Furfural is an organic compound with the formula C_{4}H_{3}OCHO. It is a colorless liquid, although commercial samples are often brown. It has an aldehyde group attached to the 2-position of furan. It is a product of the dehydration of sugars, as occurs in a variety of agricultural byproducts, including corncobs, oat, wheat bran, and sawdust. The name furfural comes from the Latin word furfur, meaning bran, referring to its usual source. Furfural is derived only from dried biomass. In addition to ethanol, acetic acid, and sugar, furfural is one of the oldest known organic chemicals available readily purified from natural precursors.

== History ==
Furfural was first isolated in 1821 (published in 1832) by the German chemist Johann Wolfgang Döbereiner, who produced a small sample as a byproduct of formic acid synthesis. In 1840, the Scottish chemist John Stenhouse found that the same chemical could be produced by distilling a wide variety of crop materials, including corn, oats, bran, and sawdust, with aqueous sulfuric acid; he also determined furfural's empirical formula (C_{5}H_{4}O_{2}). George Fownes named this oil "furfurol" in 1845 (from furfur (bran), and oleum (oil)). In 1848, the French chemist Auguste Cahours determined that furfural was an aldehyde. Determining the structure of furfural required some time: the furfural molecule contains a cyclic ether (furan), which tends to break open when it's treated with harsh reagents. In 1870, German chemist Adolf von Baeyer speculated about the structure of the chemically similar compounds furan and 2-furoic acid. Additional research by German chemist Heinrich Limpricht supported this idea. From work published in 1877, Baeyer had confirmed his previous belief on the structure of furfural. By 1886, furfurol was being called "furfural" (short for "furfuraldehyde") and the correct chemical structure for furfural was being proposed. By 1887, the German chemist Willy Marckwald had inferred that some derivatives of furfural contained a furan nucleus. In 1901, the German chemist Carl Harries determined furan's structure through work with succindialdehyde and 2-methylfuran, thereby also confirming furfural's proposed structure.

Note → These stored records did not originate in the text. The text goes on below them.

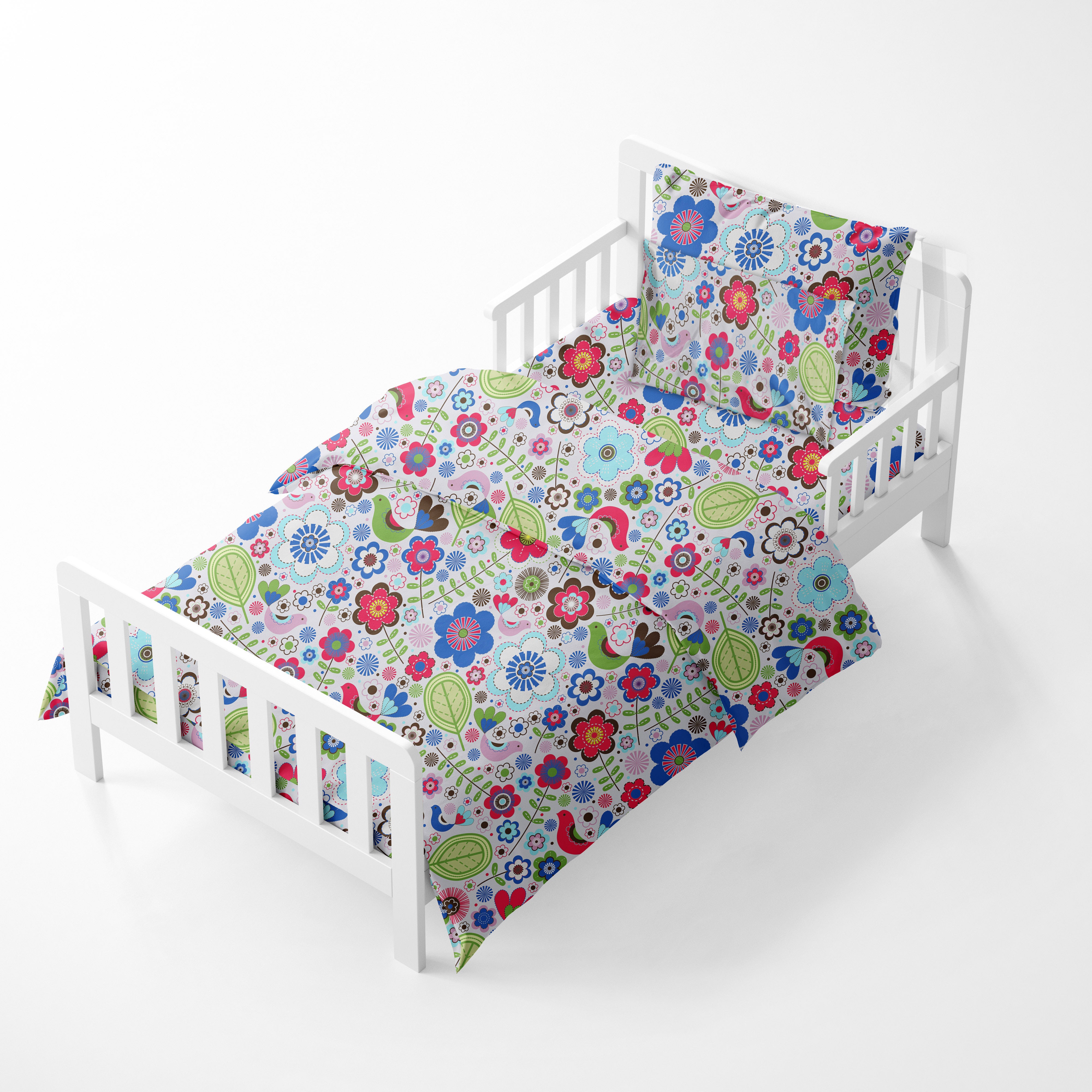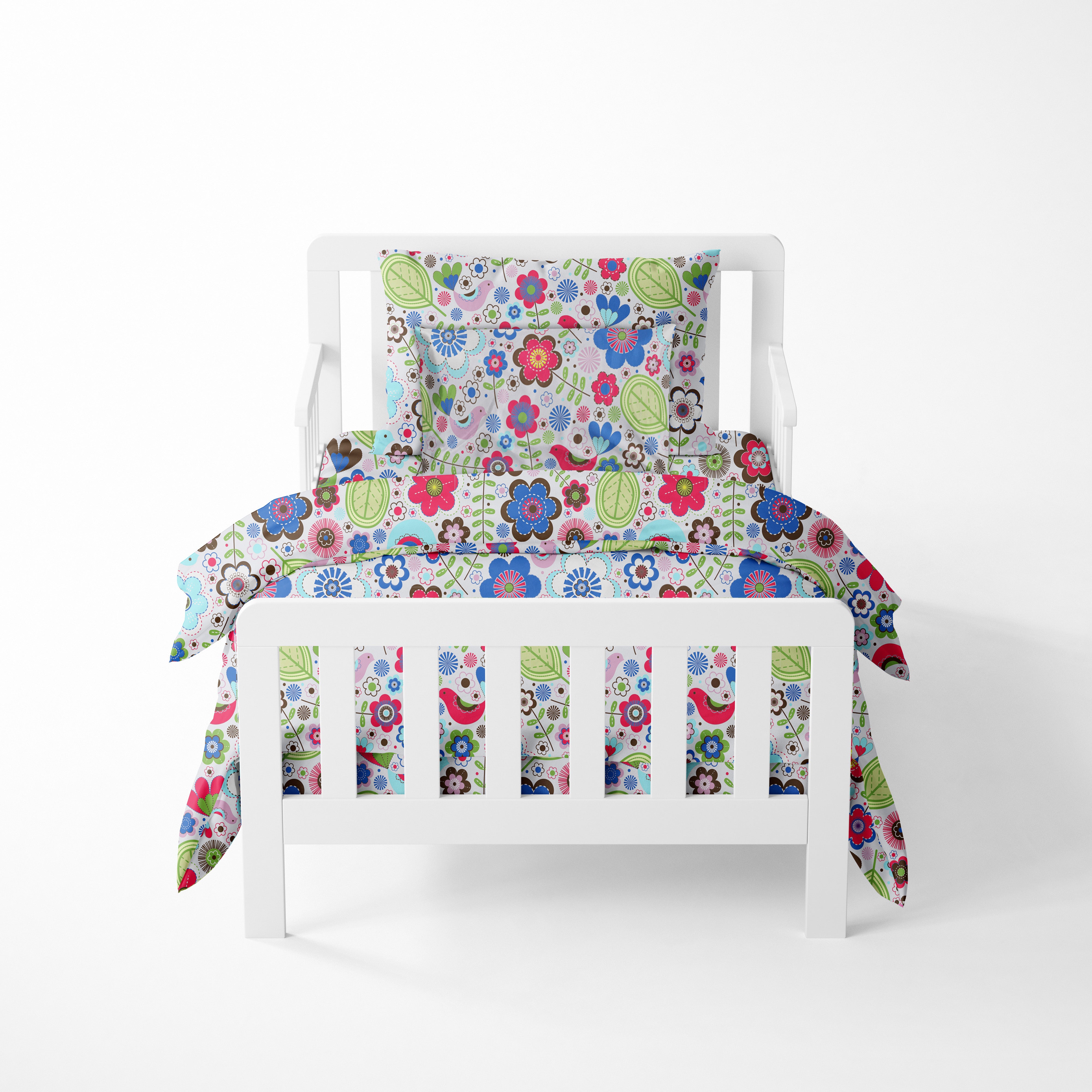 Complete Toddler Bedding Set: Includes 1 reversible comforter, 2 fitted sheet, 1 Pillow, and 1 pillowcase with French ties for added security.
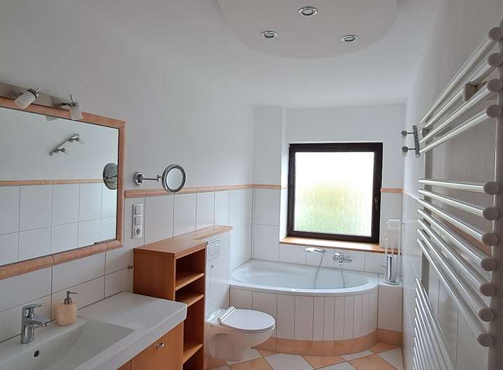 5 helle Zimmer, 2 Badezimmer, sowie 1 Gäste-WC.
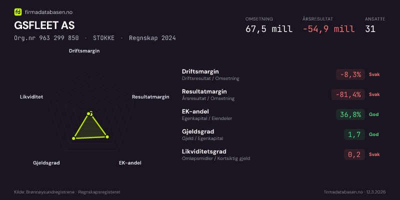 GSFLEET AS,STOKKE — jo større areal, jo sterkere økonomi.Org.nr 963 299 850 · Regnskap2024
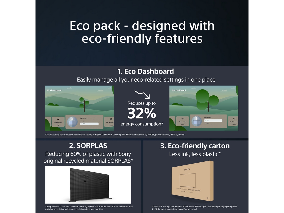 Egenskaper BRAVIA CAM-støtte, Innebygd Chromecast, Dual Database Processing, Tekstforstørrelse, Søvntidtaker, Skjermleser, CalMAN automatisk kalibreringsstøtte, Audio Description (AD)
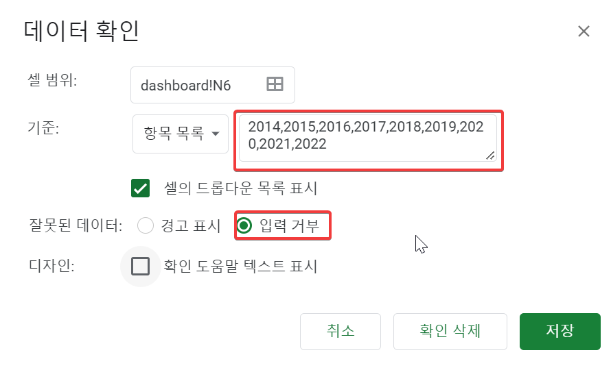 아래와 같이 항목 목록을 클릭하고, 연도를 입력하고 확인을 누르면, 셀에서는 해당 연도에 대한 입력만 가능하다.

Furfural remained relatively obscure until 1922, when the Quaker Oats Company began mass-producing it from oat hulls. Today, furfural is still produced from agricultural byproducts like sugarcane bagasse and corn cobs. The main countries producing furfural today are the Dominican Republic, South Africa and China.

==Properties==
Furfural dissolves readily in most polar organic solvents, but it is only slightly soluble in either water or alkanes.

Furfural participates in the same kinds of reactions as other aldehydes and other aromatic compounds. It exhibits less aromatic character than benzene, as can be seen from the fact that furfural is readily hydrogenated to tetrahydrofurfuryl alcohol. When heated in the presence of acids, furfural irreversibly polymerizes, acting as a thermosetting polymer.

==Production==
Furfural may be obtained by the acid catalyzed dehydration of 5-carbon sugars (pentoses), particularly xylose.
C_{5}H_{10}O_{5} → C_{5}H_{4}O_{2} + 3 H_{2}O

These sugars may be obtained from pentosans obtained from hemicellulose present in lignocellulosic biomass.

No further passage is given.